_Exercise aim_
Look below for the line containing "KSIIA Orthopedic Dog" and the line containing "Płaszcz VERONA maxi jasna czekolada jodełka", then set down both and every line between them exactly, without pictures.

_The input_

----------------

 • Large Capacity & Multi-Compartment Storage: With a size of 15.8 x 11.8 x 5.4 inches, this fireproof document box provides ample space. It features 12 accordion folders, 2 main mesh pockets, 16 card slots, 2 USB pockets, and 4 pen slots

----------------

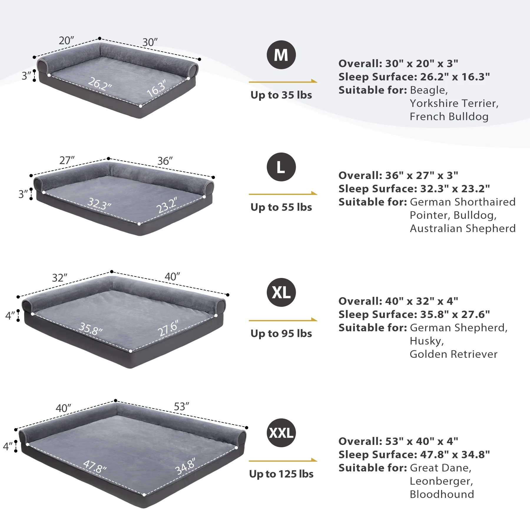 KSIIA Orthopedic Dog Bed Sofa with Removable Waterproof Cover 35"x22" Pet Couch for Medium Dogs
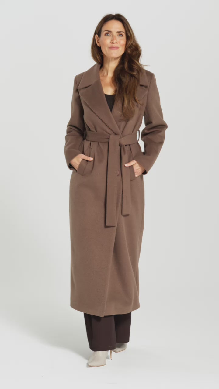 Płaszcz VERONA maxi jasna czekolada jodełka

----------------

_Reply to the exercise_
 KSIIA Orthopedic Dog Bed Sofa with Removable Waterproof Cover 35"x22" Pet Couch for Medium Dogs
 Płaszcz VERONA maxi jasna czekolada jodełka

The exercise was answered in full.